Crytek’s Artists Showcase CRYENGINE With New Beautiful Forest Maps

CRYENGINE V is currently available to everyone and Crytek’s artists have been experimenting with it. Crytek’s Lighting Artist, Damian Stempniewski, showcased a Forest map CRYENGINE V mostly for testing overcast lighting with SVOGI. On the other hand, Crytek’s Principal 3D Artist / Principal Environment Artist, Finn Meinert Matthiesen, showcased the Fog Lighting effects of CRYENGINE. Enjoy!

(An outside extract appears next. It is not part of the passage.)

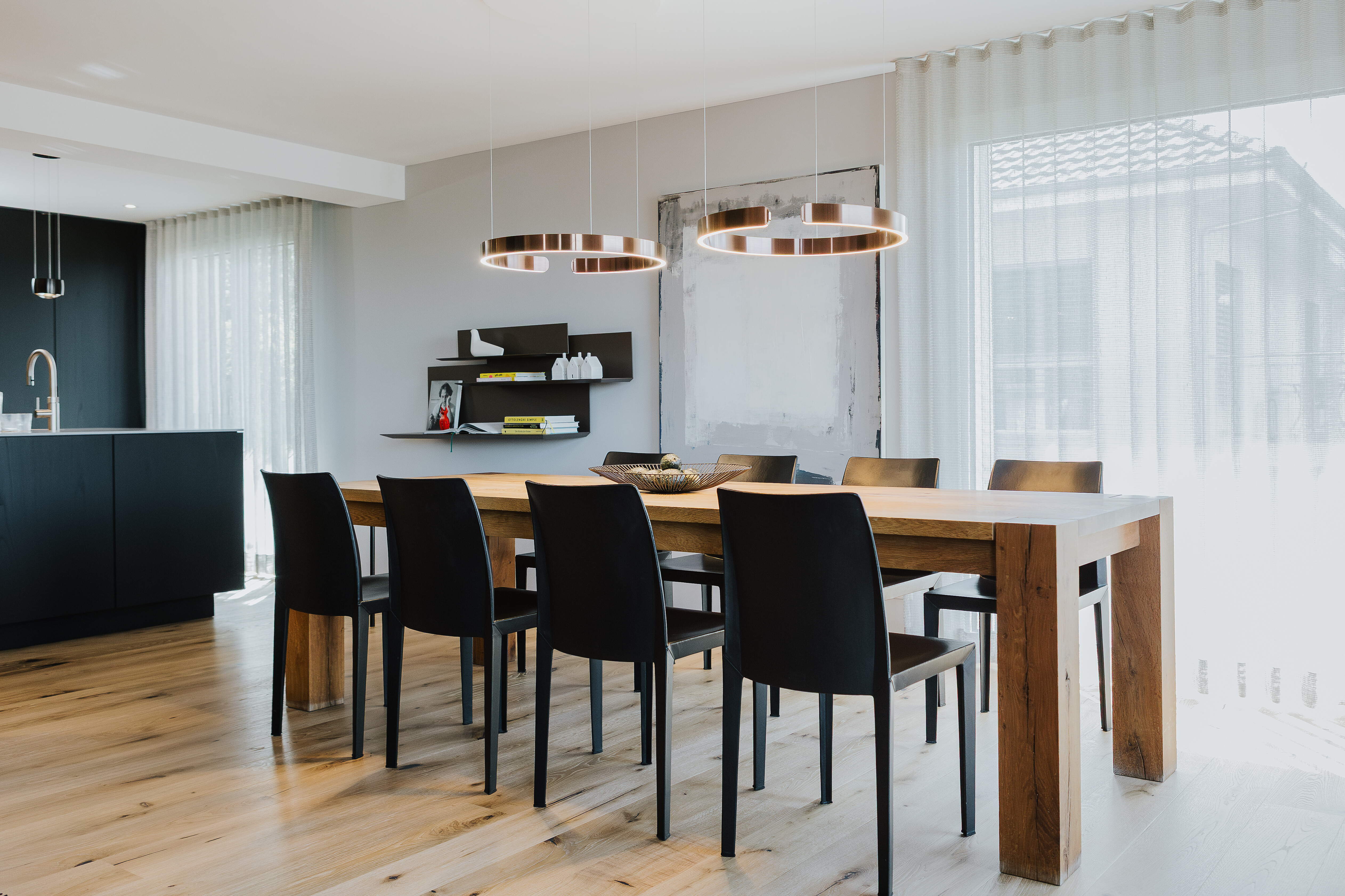 Der Essbereich wird durch den charaktervollen Holztisch Bigfoot von e15 bestimmt. Mit seiner massiven Eichenplatte und den markanten Tischbeinen verleiht er dem Raum eine geerdete Präsenz. Dazu stehen schlichte, schwarze Stühle im Kontrast, die durch ihre klare Linienführung Ruhe in das Ensemble bringen und den Blick auf das Materialspiel lenken. Die Kombination wirkt modern und einladend zugleich – ein Ort, der Wertigkeit und Alltagstauglichkeit miteinander verbindet.
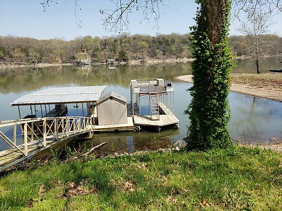 SPACIOUS RUSTIC WATERFRONT HOME ON 150' OF GRADUAL SLOPE WATERFRONT with a gorgeous view. Three bedrooms, two baths, open living/kitchen area, large covered sunporch. So many extras include a large one slip covered dock with swim deck, a pontoon dock, two carports, storage building, and an 18.5'x40.5' garage/workshop with overhead doors on each end. The large fenced yard even includes a beautiful koi pond.

damian-stempniewski-l-forest-001damian-stempniewski-l-forest-002
Damian Stempniewski

finn-meinert-matthiesen-cryengine-jungle-light-01finn-meinert-matthiesen-cryengine-jungle-light-02Finn Meinert Matthiesen

32 thoughts on “Crytek’s Artists Showcase CRYENGINE With New Beautiful Forest Maps”

  1. Crytek’s version of SVOGI is called SVOTI, just for the record.

    Also, Nines, I’m assuming you’re going to click the article & scroll down to the comments section, so;

    Found something interesting; check out the CryEngine-powered “Miscreated”, reportedly the first “CryEngine SVOTI-powered Game.” Interestingly enough, the Developers are claiming it doesn’t harm performance, actually, some people are getting boosts from it;

    “This is incorrect information.

    Maybe for SVOGI but this post is on SVOTI from Crytek. SVOTI has no performance issues from the scene being large or small. We use SVOTI on Miscreated and surprisingly users are reporting better framerates than without SVOTI.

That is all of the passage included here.